PROVIDED MATERIAL:

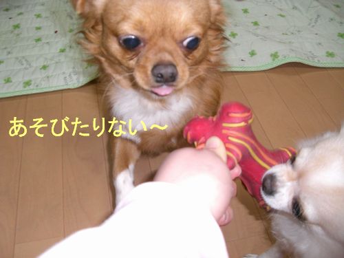 こんばんわ昨日は結局、ず~っと家でゴロゴロしてて・・・ブログアップしてから20時過ぎまで寝てましたハルトとふ~ちゃんは、屋上で遊んだのにも関わらず、遊び足りないようです オモチャを持ってきて遊べ遊べ!!ってアピールします部屋の中で、またまたオモチャを投げて・・・取ってくる・・・の、お遊びです凄い勢いで走ってるので、階下ではうるさいだろうな~ 最近、ふ~ちゃんも強くなったのか!?オモチャの取り合いしています ハルトって面白い表情するな~あの~今日は何処にも行かず、ハルトとふ~ちゃんと一緒に遊んだから今から、お風呂やさんに行って来てもいいですか? このとき、既に23時過ぎ・・・けど、この位に行ったら空いてるんですよ~ いくら近所だからってワンコは連れて行けませんよ~ はぁ~い結局、1時間ちょっとで帰ってきましたよお風呂上りのソフトクリーム美味しかった太ると分かってても、我慢できなかった~チワワブログランキング参加中です応援、本当にありがとうございますハルトとふ~ちゃんも喜んでいます!!!クリックお願いします
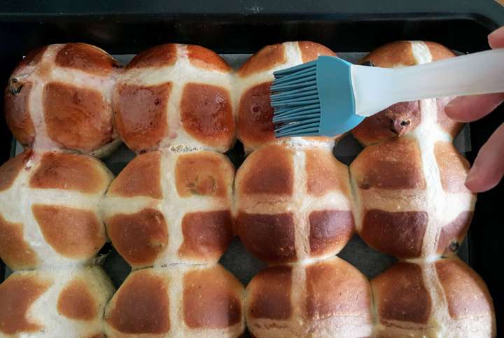 - Meanwhile, mix the jam and water. Brush over the buns to glaze as you take the buns out from the oven.
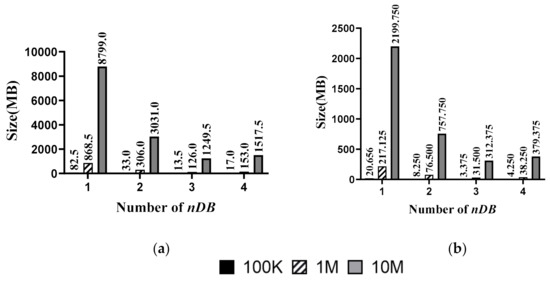 Size of Ciphertext for Database Representation: when the number of databases is 100,000, one million, or 10 million, the size of the ciphertext for the database where nDB is from one to four is as shown in Figure 10a. When the number of data in the database is 100,000, one million, or 10 million, and, when the nDB is three, the size of the database is the smallest.

PROBLEM TO WORK ON:
Please repeat the listing precisely, excluding the pictures it contains.

WRITTEN SOLUTION:
 こんばんわ昨日は結局、ず~っと家でゴロゴロしてて・・・ブログアップしてから20時過ぎまで寝てましたハルトとふ~ちゃんは、屋上で遊んだのにも関わらず、遊び足りないようです オモチャを持ってきて遊べ遊べ!!ってアピールします部屋の中で、またまたオモチャを投げて・・・取ってくる・・・の、お遊びです凄い勢いで走ってるので、階下ではうるさいだろうな~ 最近、ふ~ちゃんも強くなったのか!?オモチャの取り合いしています ハルトって面白い表情するな~あの~今日は何処にも行かず、ハルトとふ~ちゃんと一緒に遊んだから今から、お風呂やさんに行って来てもいいですか? このとき、既に23時過ぎ・・・けど、この位に行ったら空いてるんですよ~ いくら近所だからってワンコは連れて行けませんよ~ はぁ~い結局、1時間ちょっとで帰ってきましたよお風呂上りのソフトクリーム美味しかった太ると分かってても、我慢できなかった~チワワブログランキング参加中です応援、本当にありがとうございますハルトとふ~ちゃんも喜んでいます!!!クリックお願いします
 - Meanwhile, mix the jam and water. Brush over the buns to glaze as you take the buns out from the oven.
 Size of Ciphertext for Database Representation: when the number of databases is 100,000, one million, or 10 million, the size of the ciphertext for the database where nDB is from one to four is as shown in Figure 10a. When the number of data in the database is 100,000, one million, or 10 million, and, when the nDB is three, the size of the database is the smallest.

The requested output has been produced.